Centuries of global rivalry show how a country’s power—and its decline—is directly related to the size and capability of its naval and maritime forces. The ability to ship goods in bulk from places where they are produced to places where they are scarce has long represented an expression of national power. Athens had a robust navy as well as a large merchant fleet. Carthage in the third century B.C., Venice in the 13th and 14th centuries, and the Dutch republic in the 16th and 17th centuries also fielded merchant and naval fleets to pursue and protect their interests. In this way, they were able to transform their small- and medium-sized nations into great powers.

A country’s ability to ship goods in bulk has long represented an expression of national power.

Following the Napoleonic wars in the early 19th century, a large Royal Navy effectively knitted together the British Empire upon which “the sun never set.” By the latter half of that century, the British maintained a “two-power standard,” whereby the size of the Royal Navy had to meet or exceed the next two navies combined.
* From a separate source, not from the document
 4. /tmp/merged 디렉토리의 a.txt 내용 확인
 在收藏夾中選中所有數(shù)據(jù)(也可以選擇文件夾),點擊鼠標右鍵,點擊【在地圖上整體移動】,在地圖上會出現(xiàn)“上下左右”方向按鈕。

That ultimately proved unsustainable. It was the doubling of the U.S. Navy battle force under President Theodore Roosevelt that catapulted the United States to global power and prominence. Most historians view the 14-month world cruise of new U.S. battleships—Roosevelt’s Great White Fleet—as the birth of what would come to be known as the American Century.
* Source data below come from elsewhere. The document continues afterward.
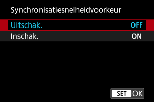 - In sommige opnameomstandigheden kan onderbelichting optreden wanneer [Synchronisatiesnelheidvoorkeur] is ingesteld op [Inschak.].
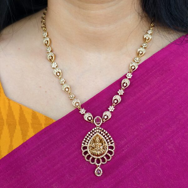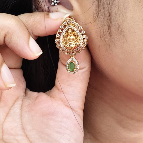 fj2106 lakshmi pendant green stone cz neckset with backchain and pushback earrings
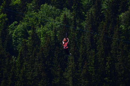 A girl of unrecognizable appearance descends a tightrope on a zipline at a high altitude. Attraction on the background of mountains covered with forest

The dramatic expansion of the U.S. fleet through two world wars—finishing the later conflict with more than 6,000 vessels, by far the largest navy ever afloat—set the country on its superpower path. Finally, Ronald Reagan’s 600-ship Navy, as much a public relations campaign as it was a shipbuilding plan, helped convince the Soviet Union that it would not win the Cold War.

Throughout history, large naval and merchant fleets represented not just a power multiplier but an exponential growth factor in terms of national influence. All historical sea powers recognized this—until they didn’t.

In October 1904, Adm. John “Jackie” Fisher was appointed first sea lord of the Royal Navy. He arrived in office certain who the enemy was—Germany—but also with clear direction from civilian leadership to tighten his belt and accept declining naval budgets. Fisher’s solution to this strategic dilemma was to dramatically shrink the fleet in order to pay for modernization while also concentrating the remaining ships closer to Great Britain. His investments in modernization were breathtaking—most notably the introduction of a steam-turbine, all-big-gun battleship, the HMS Dreadnought, which would lend its name to all subsequent battleships that followed, transforming global naval competition.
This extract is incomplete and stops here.